Trauma is often the result of an overwhelming amount of stress that exceeds one's ability to cope or integrate the emotions involved with that experience. This can sometimes lead to a sense of experiencing yourself as 'Shattered '.
If you are someone who has gone through a traumatic experience, you may be struggling with upsetting emotions, frightening memories, or a sense of constant danger. You may feel numb, disconnected, and unable to trust other people. When bad things happen, it can take a while to get over the pain and feel safe again.
With the right support, you can explore different ways to manage and cope - whether the traumatic event happened years ago or yesterday, you can heal and move on.
Childhood sexual and physical abuse ranges from fondling to rape and from severe spankings to life-threatening beatings. Studies of retrospective child abuse suggest that approximately 25–35 per cent of women and 10–20 per cent of men, if asked, describe being sexually abused as children and 10–20 per cent of men and women report experiences of physical abuse. Many children are also psychologically abused and/or neglected, as well.
Psychological abuse, also referred to as emotional abuse or mental abuse, is a form of abuse characterised by a person subjecting or exposing another to behaviour that may result in psychological trauma, including anxiety, chronic depression, or post-traumatic stress disorder. Such abuse is often associated with situations of power imbalance, such as abusive relationships, bullying, and abuse in the workplace
Rape & Sexual or Physical Assault
Rape can be defined as non-consensual sexual penetration through the use of threat or physical force, or when the victim is incapable of giving consent (for example, when under the influence of drugs or alcohol, or when he or she is otherwise cognitively impaired).
Stranger assault refers to muggings, beatings, stabbings, shootings and other violent actions against a person not well known to the assailant.

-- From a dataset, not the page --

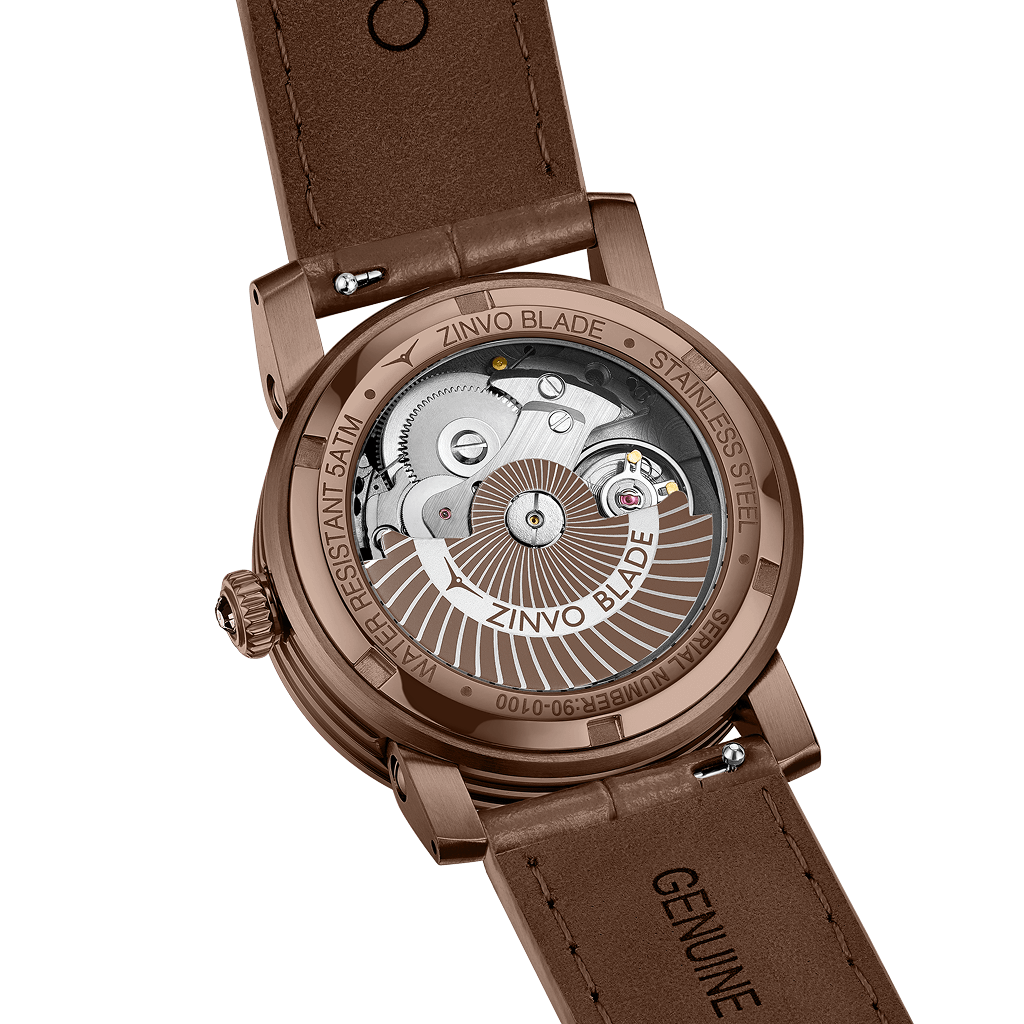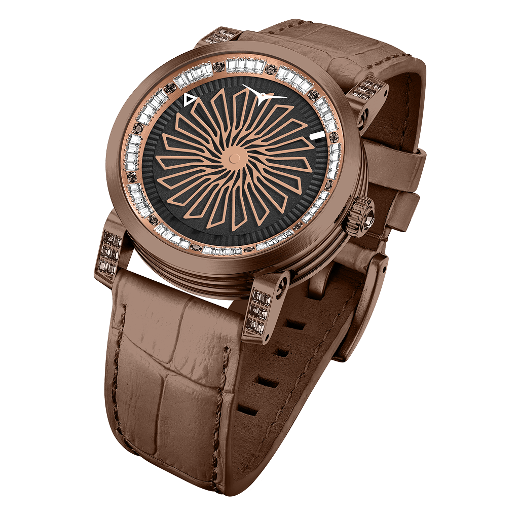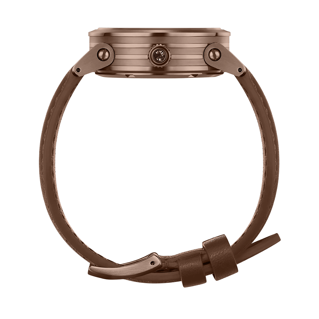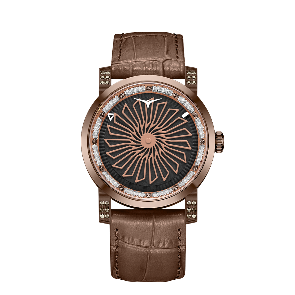 The Blade Choco Gem wraps refined craftsmanship in irresistible allure. Its rich chocolate-brown case and dial are kissed with rose-gold accents, spinning in a mesmerizing motif that dazzles at first glance. Radiant gem markers bring a flash of brilliance, while the supple brown leather strap whispers effortless elegance—whether at brunch, boardroom, or gala.

Emergency Worker Exposure to Trauma
Because emergency workers often encounter potentially traumatic events, it is not surprising that those who help the traumatised may become traumatised themselves. Among those known to be at risk for such work-related stress are fire-fighters, rescue workers, paramedics and other emergency medical personnel.
War is a common and relatively powerful source of enduring psychological disturbance. Posttraumatic difficulties have been described in veterans of all wars. War involves a very wide range of violent and traumatic experiences, including immediate threat of death, witnessing injury and/or death of others, and involvement of injuring or killing others.
“There are wounds that never show on the body that are deeper and more hurtful than anything that bleeds.”